Hands On: Data upload
Import the file iris.csv from Zenodo or from the data library (ask your instructor)
https://zenodo.org/record/1319069/files/iris.csv
Copy the link location

Click galaxy-upload Upload Data at the top of the tool panel

Select galaxy-wf-edit Paste/Fetch Data

Paste the link(s) into the text field

Press Start

Close the window
Rename galaxy-pencil the dataset to iris

Click on the galaxy-pencil pencil icon for the dataset to edit its attributes

In the central panel, change the Name field

Click the Save button

Check the datatype

Click on the history item to expand it to get more information.

The datatype of the iris dataset should be csv.

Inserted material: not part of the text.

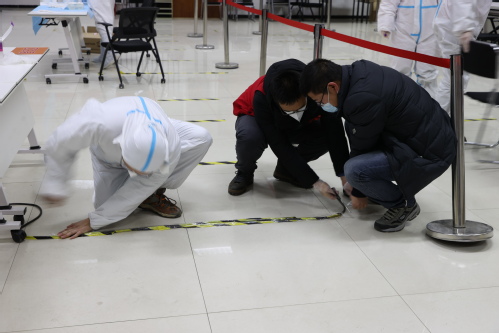 清晨6:30,工作人员早早地集合在一起,在指挥部的统筹下,对信息录入志愿者再次进行培训。检测工作开始前,全体工作人员进行预演,确保所有流程和内容烂熟于心。

Change galaxy-pencil the datatype if it is different than csv.

Option 1: Datatypes can be autodetected

Option 2: Datatypes can be manually set

Click on the galaxy-pencil pencil icon for the dataset to edit its attributes

In the central panel, click on the galaxy-chart-select-data Datatypes tab on the top

Click the Auto-detect button to have Galaxy try to autodetect it.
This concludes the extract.